I’m glad you didn’t forget to include a picture of Bob. Here’s a link to the fuller-sized image. It may help.
Doc, you’re going to hurt the CDC’s feelings if you keep that up.
Stad, my natural state is being cooped up, so I don’t know any difference now. However, Marie and I are just about to leave to walk the dog and do a little grocery shopping. We need yogurt and beer.
Retic, when I press that link, I’m taken to the Bruegel painting. I don’t think Bob was born when Bruegel painted The Fall of Icarus. Wait, I see Bob helping the shepherd. Thanks.
Are you telling me that isn’t Bob next to the guy leaning on his staff, looking up at the sky?
I remember that poem from a literature class. I thought it profound – still do.
It’s all about perspective, isn’t it?
Joel, I don’t know. I tend to think that the hokey pokey is what it’s all about.
I’m sorry for that. Of course you’re right. I just feel giddy and flip today. I just got back from Safeway and found everything I needed: Fage yogurt, Bud Light beer, and blueberries that were crisp and firm. (Marie and I secretly open the plastic container to test the blueberries. They’re dead to us if they are soft.)

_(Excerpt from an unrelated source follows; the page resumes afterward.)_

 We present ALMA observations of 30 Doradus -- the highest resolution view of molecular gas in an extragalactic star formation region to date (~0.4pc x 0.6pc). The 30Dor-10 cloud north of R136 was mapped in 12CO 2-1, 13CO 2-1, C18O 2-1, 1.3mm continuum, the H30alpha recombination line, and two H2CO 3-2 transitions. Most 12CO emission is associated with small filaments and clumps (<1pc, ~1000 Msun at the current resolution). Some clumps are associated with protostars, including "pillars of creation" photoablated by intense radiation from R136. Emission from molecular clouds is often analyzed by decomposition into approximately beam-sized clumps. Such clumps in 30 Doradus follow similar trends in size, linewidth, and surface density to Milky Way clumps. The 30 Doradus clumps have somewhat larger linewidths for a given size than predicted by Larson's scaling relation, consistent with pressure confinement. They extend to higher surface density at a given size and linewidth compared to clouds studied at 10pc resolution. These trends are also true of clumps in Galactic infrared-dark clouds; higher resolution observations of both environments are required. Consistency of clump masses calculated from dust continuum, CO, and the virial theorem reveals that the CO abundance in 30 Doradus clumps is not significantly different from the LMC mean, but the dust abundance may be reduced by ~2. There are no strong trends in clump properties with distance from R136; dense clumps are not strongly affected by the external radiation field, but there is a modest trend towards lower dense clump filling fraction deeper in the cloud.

We are physical creatures. Out of sight, out of mind.
By which I mean some people are both practically blind and completely nuts.
No link to the poem?
@kentforrester I was subconsciously holding my breath for nearly the entire post as I dared not guess your conclusion. (Surely you can see how it is that many people would make the opposite point.) I couldn’t agree with you more. Life cannot be lived if we must drop everything to respond to every crisis around us. Here’s hoping the plowing, sailing, and carrying on will resume in America in short order!
@skyler, here you go.
Thank you for this. I’ll be teaching this poem in a few weeks (online), so this is a helpful way to make the poem and painting relevant. Auden’s poem reminds me of the Benedictine saying “ora et labora”–pray and work. I’ve been repeating that to myself and my students lately.
Thistle, you’ll be teaching it online? How interesting. For whom? Paying gig? To whom.

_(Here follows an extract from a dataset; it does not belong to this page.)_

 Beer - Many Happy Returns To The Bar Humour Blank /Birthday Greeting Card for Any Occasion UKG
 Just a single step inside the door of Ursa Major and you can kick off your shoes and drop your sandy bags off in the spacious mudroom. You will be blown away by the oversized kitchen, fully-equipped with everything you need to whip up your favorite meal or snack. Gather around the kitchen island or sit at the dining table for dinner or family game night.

The phrase you use, “Pray and work,” suggests your teaching might be for a Christian school, and your reference to the Benedictines suggests it might be a Catholic school.
Tell me more. I taught an online class a long while back. It wasn’t very successful. I hope you can do better.

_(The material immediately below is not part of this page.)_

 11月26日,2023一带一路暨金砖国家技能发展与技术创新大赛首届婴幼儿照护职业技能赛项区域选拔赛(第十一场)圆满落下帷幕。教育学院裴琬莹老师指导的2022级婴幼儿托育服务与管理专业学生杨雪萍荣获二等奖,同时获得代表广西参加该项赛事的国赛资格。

Yogurt and beer . . . there’s an interesting combination . . .
I appreciate @d12‘s comment–life must go on. But I also think there is a danger of trying to ignore the tragedy happening around us. I’m trying to make life normal for me and my husband and not shut out the suffering around me. That’s a tough thing to do, without becoming overwhelmed. But I’m trying. Thanks for a good post, Kent.
Reasonable people do what they can without letting it overwhelm their own lives. They take a loaf of bread to an enfeebled person down the street, but they don’t daily bake 20 loaves to distribute to 20 different shut-ins located in various parts of the city.
That is, we apply reason to our altruistic feelings. Our ship sails on, as it has to, even when it leaves a city full of suffering people.
Yes–a paying gig for an online school that teaches homeschoolers around the world. Not a Catholic school, but I’ve taught in classical and Christian “brick and mortar” schools where students learn Latin and read The Rule of Benedict. I love the phrase so much I got a tattoo ;-)
Ah, a tattooed person on Ricochet. That increases our cool factor by, well, a lot.
You know, Thistle, I really like schools like the one you work for — schools that have stepped up to serve the increasing number of students who are home schooled. And around the world! I assume to English speaking students.
Way to go, Thistle.
Or not. Tattoos always make me think someone is trying to hide a skin disease.